Book Review: Silver People: Voices from the Panama Canal, by Margarita Engle (2014)


Paperback cover of Silver People: Voices from the Panama Canal, by Margarita Engle, 2014. (Photo by Mark C. Taylor)


Author Margarita Engle.
The Panama Canal was one of the largest construction projects in the world. Originally begun by the French government, and then finished by the United States in 1914, the Canal cost some $375 million dollars, and many human lives. More than 5,000 workers died during the U.S. phase of construction, in addition to 22,000 workers who died during the French attempt. Margarita Engle’s 2014 novel Silver People: Voices from the Panama Canal, tells the story of the building of the Canal. Written in verse, it focuses on Mateo, a 14-year-old boy from Cuba who takes a job building the canal in order to escape an abusive father, Henry, who is from Jamaica, and Anita, a native Panamanian girl who sells herbs and medicines. 

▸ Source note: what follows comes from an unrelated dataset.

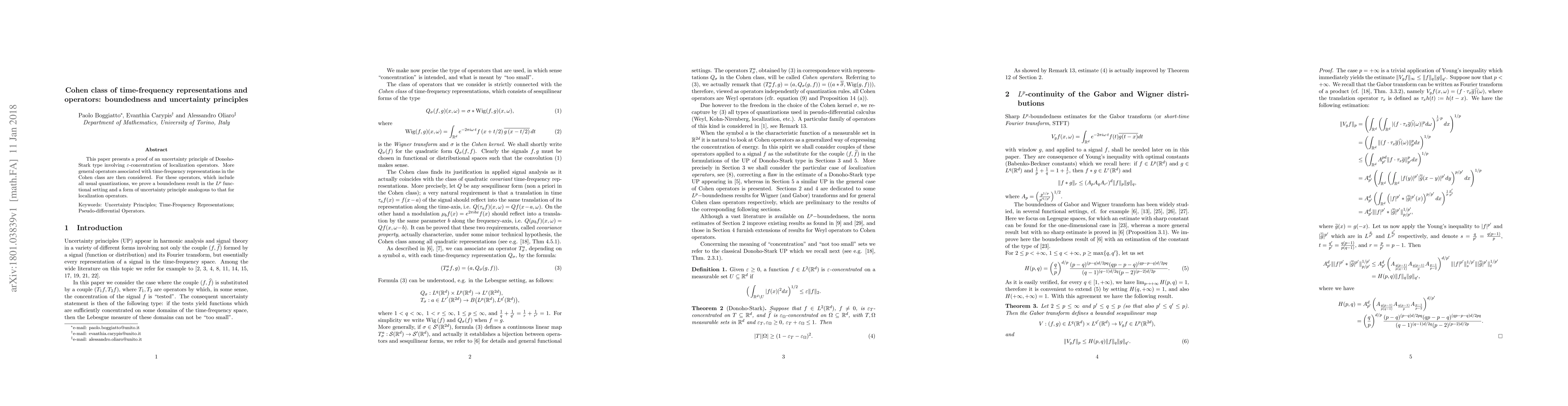 This paper presents a proof of an uncertainty principle of Donoho-Stark type involving $\varepsilon$-concentration of localization operators. More general operators associated with time-frequency representations in the Cohen class are then considered. For these operators, which include all usual quantizations, we prove a boundedness result in the $L^p$ functional setting and a form of uncertainty principle analogous to that for localization operators.
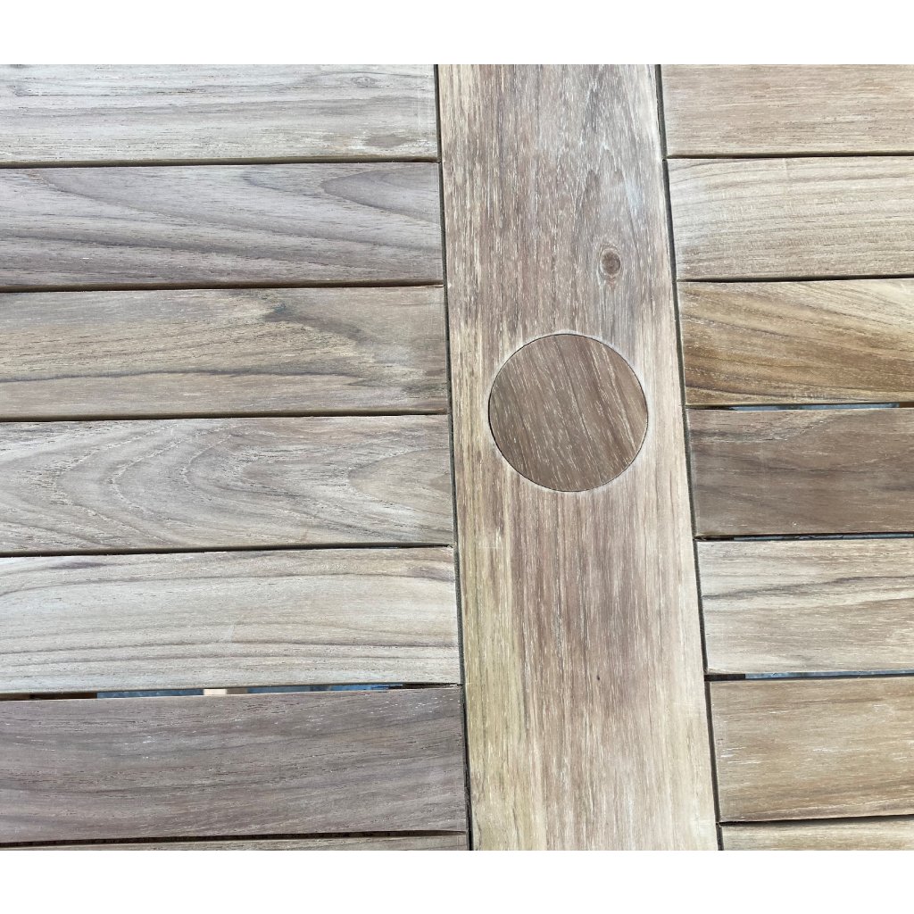 Síla materiálu (deska x noha) 2,7 cm x 2,7 cm. Otvor pro slunečník o průměru 6 cm.

The title Silver People comes from the racial stratification among those workers hired to build the Canal. White workers and engineers from the United States were paid in gold, while darker-skinned workers from the Caribbean countries were paid in silver. Workers were also housed in different places according to their skin color. Engle paints a vivid picture of the racial segregation among the workers, and the resentment that it brought.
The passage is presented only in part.